Wrapper function for DSGE models which calls Metropolis-Hastings MCMC algorithm for sampling from the posterior distribution of the parameters.

Arguments

• propdist: The proposal distribution that Metropolis-Hastings begins sampling from.
• m: The model object
• data: Data matrix for observables
• cc0: Jump size for initializing Metropolis-Hastings.
• cc: Jump size for the rest of Metropolis-Hastings.

Estimation Settings

Please see the section on 'Metropolis-Hastings Settings' on the 'Advaned Usage' page of the online documentation or src/defaults.jl for a full description of all the estimation settings for MH. Most of the settings for MH are stored in the model object. The keyword arguments described below are not directly related to the behavior of the algorithm (e.g. tuning, number of samples).

Keyword Arguments

• verbose: The desired frequency of function progress messages printed to standard out.
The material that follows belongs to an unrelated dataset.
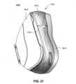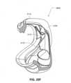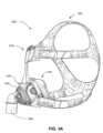 実施例において、(a)密閉フラップは、密閉構造の内周へ突出し、(b)密閉フラップは、患者の目頭部分が押圧されたときに鼻骨の上方の鼻の側部に対して上顎骨上方の鼻の側部に隣接して密閉を形成するように構成され、(c)密閉フラップは、翼の密閉を回避するように構成され、(d)密閉面の一部は、ループの残りの部位よりも高い可撓性を有し、(e)密閉面の一部は、ループの残りの部位よりもより肉薄の壁部を含み、(f)密閉面の一部は、ループの残りの部位よりもより肉厚の壁部を含み、(g)密閉面は、患者の顔との密着を低減するための低い摩擦の領域を含み、(h)摩擦が低い領域はつや消し表面であり、(i)摩擦が低い領域は、患者の鼻の側部が密閉面に対して自由にスライドすることが可能なように適合され、(j)第1のループは、患者の顔と接触するように適合された密閉構造の領域を規定し、(k)第1の部位および第2の部位は、患者の顔と接触するように適合された密閉構造の領域の一部であり、(l)第1のループは連続的であり、(m)第2のループは、患者の鼻と接触してまたは患者の鼻と並んで配置され、(n)第2のループは、実質的に管状の構造が患者の鼻と接触するかまたは患者の鼻と並んで配置されるように適合されるように配置され、(o)実質的に管状の構造は、患者の鼻の側部に実質的に平行に配置されるように適合され、(p)密閉構造は、第2のループの第2の1つをさらに含み、(g)実質的に管状の構造は、周囲圧力を超える圧力と流体連通するように適合された中空内部を含み、(r)実質的に管状の構造は、2つの開口端部を含み、かつ/または、(s)第2のループは、患者インターフェースが患者によって内部加圧されるかまたは調節されたときに第2のループの破裂を防止するように適合される。 In embodiments, (a) the sealing flap projects toward the inner periphery of the sealing structure, and (b) the sealing flap extends upwardly toward the maxilla against the side of the nose above the nasal bone when the canthal region of the patient is compressed. (c) the sealing flap is configured to avoid sealing the wings; and (d) a portion of the sealing surface is configured to form a seal adjacent to the side of the nose of the loop. (e) a portion of the sealing surface includes a thinner wall than the remainder of the loop; and (f) a portion of the sealing surface includes a thinner wall than the remainder of the loop. (g) the sealing surface includes a low friction area to reduce contact with the patient's face; (h) the low friction area is a matte surface; (i) the low friction region is adapted to allow the side of the patient's nose to slide freely against the sealing surface; and (j) the first loop is adapted to contact the patient's face. (k) the first region and the second region are part of the region of the closed structure adapted to contact the patient's face; (l) the first loop is continuous; (m) the second loop is disposed in contact with or alongside the patient's nose; and (n) the second loop is substantially tubular. (o) the substantially tubular structure is positioned substantially to the side of the patient's nose; (p) the closed structure further includes a second one of the second loops; and (g) the substantially tubular structure is in fluid communication with a pressure above ambient pressure. (r) the substantially tubular structure includes two open ends, and/or (s) the second loop includes a hollow interior adapted to allow the patient interface to be internally manipulated by the patient. Adapted to prevent rupture of the second loop when compressed or conditioned.
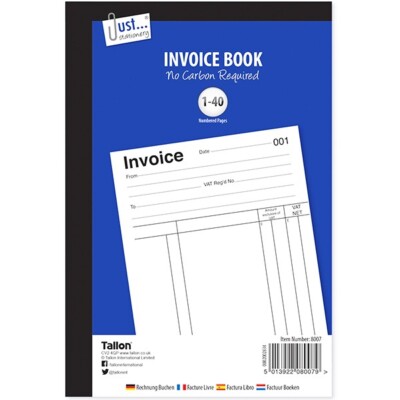 The Just Stationery Invoice Book includes 40 numbered carbonated pages. With everything from invoice date, from, to and VAT registration number, the pre-printed Invoice Sheets include columns for values and net VAT values for

One of:

   - `:none`: No status updates will be reported.
   - `:low`: Status updates provided at each block.
   - `:high`: Status updates provided at each draw.

• filestring_addl: additional strings to add to the names of output files
• regime_switching: do the parameters involve regime-switching?
• toggle: if true, toggle the fields of any regime-switching parameters to regime 1.